その後の自主練も終え、ついにお待ちかねの・・・

「1週間の合宿お疲れ諸君!空腹にこそウマいものは微笑む。ぞんぶんに筋肉を修復しなさい。」

猫又監督の言葉を合図に選手たちが肉争奪戦を始める。
私も仕事をこなしつつ適当に食べ物を取り終えて女子マネで集まっている場所に向かおうとしたところで声をかけられた。

「こないだのレシーブ、凄かったっす!」

「烏野もマネ多いよね。」

「朝日奈さんだっけ、名前聞いたことあるような気がするんだけど・・・。」

など、これまで接点のなかった人達に話かけられる。
ここでペラペラ過去を喋るわけにもいかないので精一杯取り繕うが限界がある。

「ちょっとすいませんね〜。そこの御嬢さん、ちょぉーっと貰っていきますね〜。」

「あっ黒尾!」

「するいぞー!」

「いやいや、ほら、俺ら第三体育館の自主練組でちょっとあるもんだから。」

突然後ろから来た黒尾さんに肩をガッと掴んで引き寄せられ、黒尾さんの言い分に妙に納得した人たちをよそに私をどんどん引きずって行く。

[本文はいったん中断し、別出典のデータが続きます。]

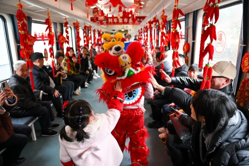 2024年2月23日,5630次列車上,旅客與舞獅互動。當(dāng)日,在元宵節(jié)到來之際,形式多樣的鬧元宵活動在貴州遵義開往重慶西的5630次公益性“慢火車”上舉行,吸引不少旅客參與其中,感受濃濃節(jié)日氣氛。 中新社記者 何蓬磊 攝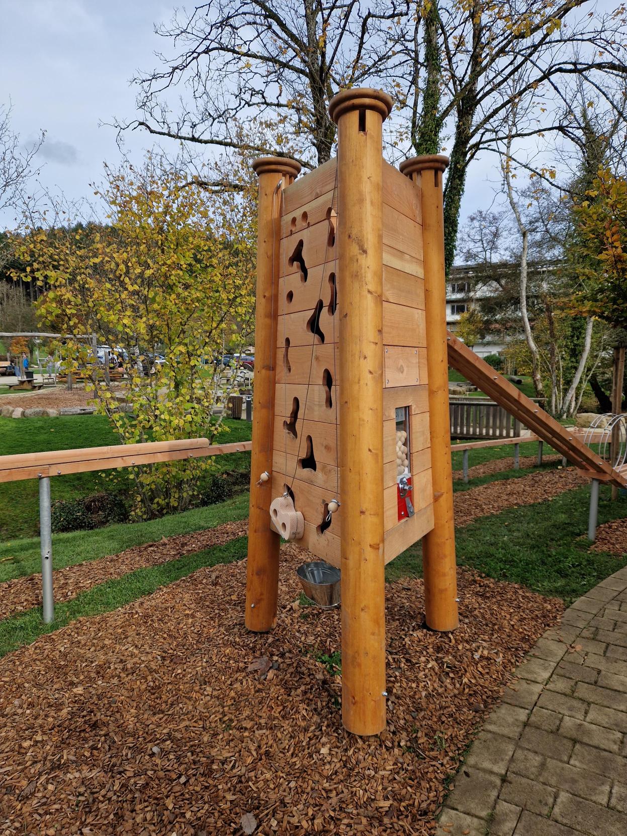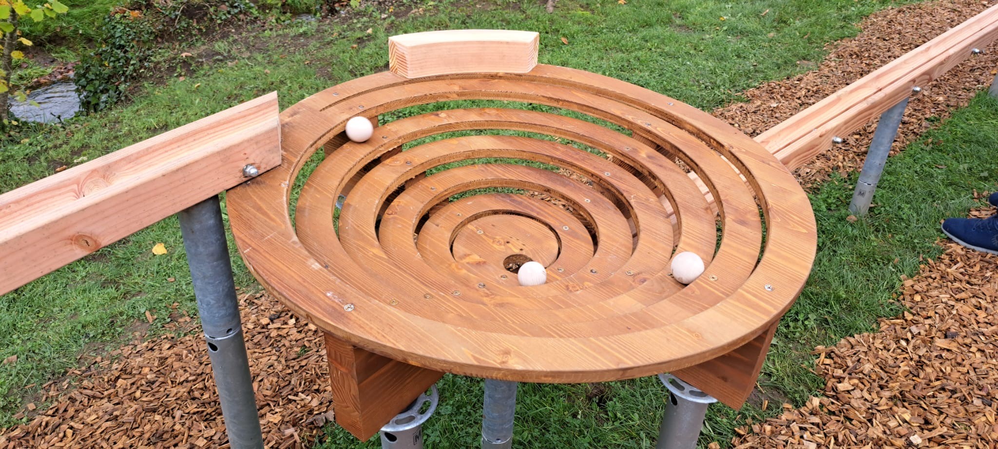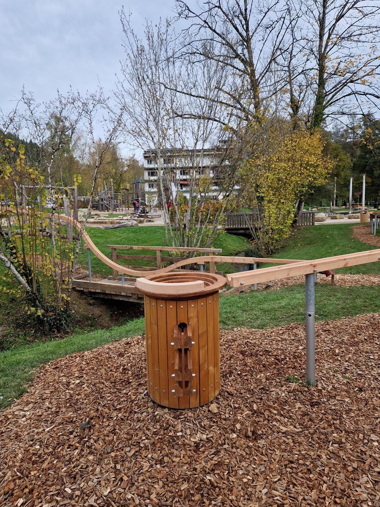 Tout au long du parcours, les boules en bois franchissent différents passages et obstacles, stimulant à la fois l’adresse et l’observation. Cette piste complète parfaitement les installations existantes et offre une activité de plein air naturelle et attrayante.

「ちょ、ちょ、ちょっと黒尾さん。助かりましたけど、どこに行くんですか?」

女マネの所に行きたかったんですけど・・・と言う前に、ちょっとうちの現代っ子の相手してよと言うので、
研磨のことかと気が付いてそのままついて行くことにした。
研磨に食べさせるという肉と野菜を取って、体育館の扉の方に向かう。

「オラー野菜も食えよー。」

「米を食えよ!」

「肉だろ!!肉を食え!!」

「食えよー。」

「なんで憂まで・・・。」

「だってやっぱ研磨細いし小さいし。あと野菜嫌いそう。」

「ヒャヒャヒャ、違いねぇ!」

黒尾さんはそういうと、後ろの方で話している日向くんと木兎さんの所に行くようで、
研磨に食わせといてと言って行ってしまった。
去り際に、隣の眼鏡くんを怒らせないよーに、と言い放って。

「はい研磨。」

「え、ちょっとやめてよ憂。恥ずかしいから。」

「黒尾さんに言われてるから。ほらほら。」

研磨はスマホをいじっていたので気を利かせて適当につまんだ野菜を口の近くに無理やりおしつけると研磨は嫌々食べてくれたけど、同時に罰の悪そうな顔をしながら後ろを指差した。

「ちょっと。」

「えっ、何?月島、顔怖い。」

「そういうことするなって今朝いったばっかデショ!」

「えぇ?!全然当てはまらないでしょ今のは!」

「当てはま・・・っ!あぁ、もう!」

「いや憂が悪いよ。」

「研磨?!」

「ですよね。」

またスマホいじりを始める研磨と頭を抱える月島に混乱する私だったけど、後ろから聞こえた”サクサ”という言葉にビクッとする。
見れば黒尾さんが日向くんとリエーフくんに何やら説明をしている所だった。

「そのうちの1人がよりによって宮城に・・・。」

会話を聞いていたのか、月島が反応して言った言葉に木兎さんが突っ込む。

「まぁ”サクサ”の居る井闥山は優勝候補筆頭だけどな。」

もう一度ビクッとする。
わざわざ強調して言うのとあの黒尾さんの表情、知ってていってるなぁ。
私に確認するにもタイミングがない、気が引けるのでこの方法。黒尾さんらしい。
私はもう正解と言っているようなものだった。


それからは、月島が完全にそっちの話に入って行ったころに私は黒尾さんを一瞥して女子マネグループの方へ入って色々満喫したのだった。